Из глубин тела поднимаются они к уху, которое слышало, к глазу, который видел, к носу, который обонял, к ногам, которые шли, к мышцам руки, которая несла.
Я спустился по широкой дороге, свернул налево и пересек перекресток на въезде в Иерусалим, прошел меж старых домов с красной черепицей, которые все еще там, и поднялся к большим кипарисам, стоявшим у Дома сумасшедших, которого там уже нет. Тогда они были буйно зелеными и каждый вечер укрывали в своей листве тысячи скворцов, а сейчас будто обезлюдели без крыльев, и осиротели без посвиста, и стали черным-черны от сажи и дыма проходящих машин.
Я посмотрел в сторону старой каменотесной мастерской Абуд-Леви, где всё еще высятся груды строительных камней, но уже нет больше ни молотков, ни зубил и не слышатся мелодии их ударов, и пошел дальше по улице Яффо, вдоль каменной ограды бывшего здания больницы «Шаарей Цедек».
Пациентов доктора Валаха давно уже там нет, а старое здание взломано и разрушено. Но низкая стена, с ее серыми камнями, поросшими лишайником времени, всякого рода колючками и мхом, что обычно населяют трещины стен, все еще стоит, и камень — я вздрогнул, — тот квадратный камень, который любовники Черной Тети утащили для нее со двора мастерской Абуд-Леви и положили у подножья стены, чтобы она могла стоять на нем и смотреть на коров, — он тоже был там, лежащий и ждущий.
Я встал на него на цыпочки — в очередной раз убеждаясь в том, какие мы низкорослые, мои родители и я, — и заглянул через стену. Резкий пастуший зов таился в сжатой трубе моего кулака, но кого мне сзывать? Коровник давно разрушен, и красно-белые автобусы пыхтят на том месте, где когда-то паслись черно-белые коровы.
Я пошел дальше.
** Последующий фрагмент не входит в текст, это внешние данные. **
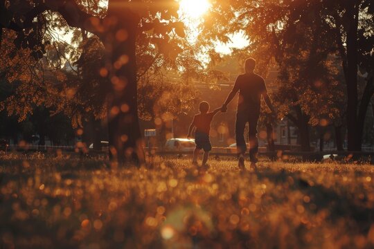 father and son navigate the winding paths together at fatherhood. father and son promenade. father and son in fatherhood. fatherhood of father and son cycling at sunlit park. Cycling duo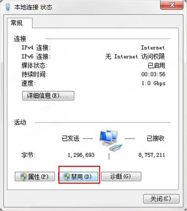 9、由于接下来的操作需要在没有的网络的情况下进行,所以需要进行断网,打开“本地连接”窗口中点击“禁用”按钮;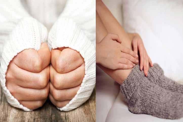 2023年1月1日-1月14日 痛 Wang Accountancy Cor p. 你或你認識的人經常抱怨手 腳總是冰涼嗎?在大多數情況 下,這不是一個問題,出現這種 狀況只是由於身體保持自己的溫 度。 對於我們的身體來說,血液 是一種奇妙的熱量儲存。通過血 液分流到皮膚,熱量被轉移到外 部空氣,幫助我們降溫。這就是 為什麼我們在炎熱天氣裏看起來 有點「臉紅」。 另一方面,在我們感到寒冷 時,我們皮膚中的血管會變窄, 因此分流的血液會減少。血液減 少意味著溫度降低,這在手和腳 上表現尤為明顯。 這是一個正常的過程,它表 明我們的身體正在完成維持正常 內部溫度和保護器官的工作。 通常,這種感覺只是暫時 的。但是,如果有人即使身體很 暖和,卻總是手腳冰涼,這可能 是其他因素造成的。 還有其他原因嗎? 任何導致血管變窄的東西都 會影響你四肢的感覺。 這可能是由於雷諾綜合症現 象( Raynaud ´ s phenomenon ) 等原因造成的。在這種現象中, 一些通往四肢的血管會暫時變得 狹窄。 雷諾綜合症患者的手指或腳 趾通常蒼白和冰冷。

Дважды повернул вместе с улицей, возле старинных солнечных часов свернул направо и возле человека в знакомой кепке, с похожим лицом и новой петрушкой, возможно — сына тогдашнего продавца, свернул налево, внутрь рынка.
И тут, за лавкой с кофе и пряностями и за лавкой двух братьев, в которой мы покупали облатки для Матери и мак для субботних пирогов, почти на самой границе, которую Черная Тетя не позволяла мне пересекать, — той, за которой простиралось царство резников и ощипывательниц, — я увидел свою бывшую жену, свою нынешнюю возлюбленную и свою будущую беду, доктора Аарону Майер-Гарон. Она шла рядом с мужчиной, который выглядел таким вторым, и таким честным, и таким добрым, что я тотчас понял, кто он.
Стройные и высокие — уж конечно, выше, чем я, — красивые и лицом, и одеждой, скользили они в толпе, эти двое. Я никак не ожидал, что увижу их в Иерусалиме и именно на Маханюде, но глаза мои увидели, и сердце мое сжалось, и мышцы живота поняли и отвердели, так что мой мозг уже не мог отрицать их существование.
Его ладонь лежала на основании ее шеи, в том месте, где на затылке шепчет пушок, встопорщившись, как шелковая трава под легчайшим шевелением губ. Между ее лопатками обреталась его рука, то ли защищая, то ли лаская, то ли направляя ее в толкущейся толпе. Ее ступни, что голубями трепетали на моей спине, ступали меж прилавков. Пальцы ее рук, что прокладывали тропинки на моей груди, скользили по перцам и фруктам. Ее глаза, что закатывались и белели под бременем моей любви, смеялись и не видели меня.
И вдруг она исчезла. Толпа на миг заслонила их, а в следующий миг ее уже там не было. Может быть, пошла по своим делам? Может быть, все-таки заметила меня? Так или иначе, она исчезла.
В среду это было, и на рынке было полно людей. Мне было легко идти за ним следом и под прикрытием толпы подойти к нему вплотную, чтобы возле одного из прилавков сказать ему — мы, мужчины, должны помогать друг другу:
— Извините, что я вмешиваюсь, но баклажаны так не выбирают.
Он вернул пристыженный баклажан в ящик.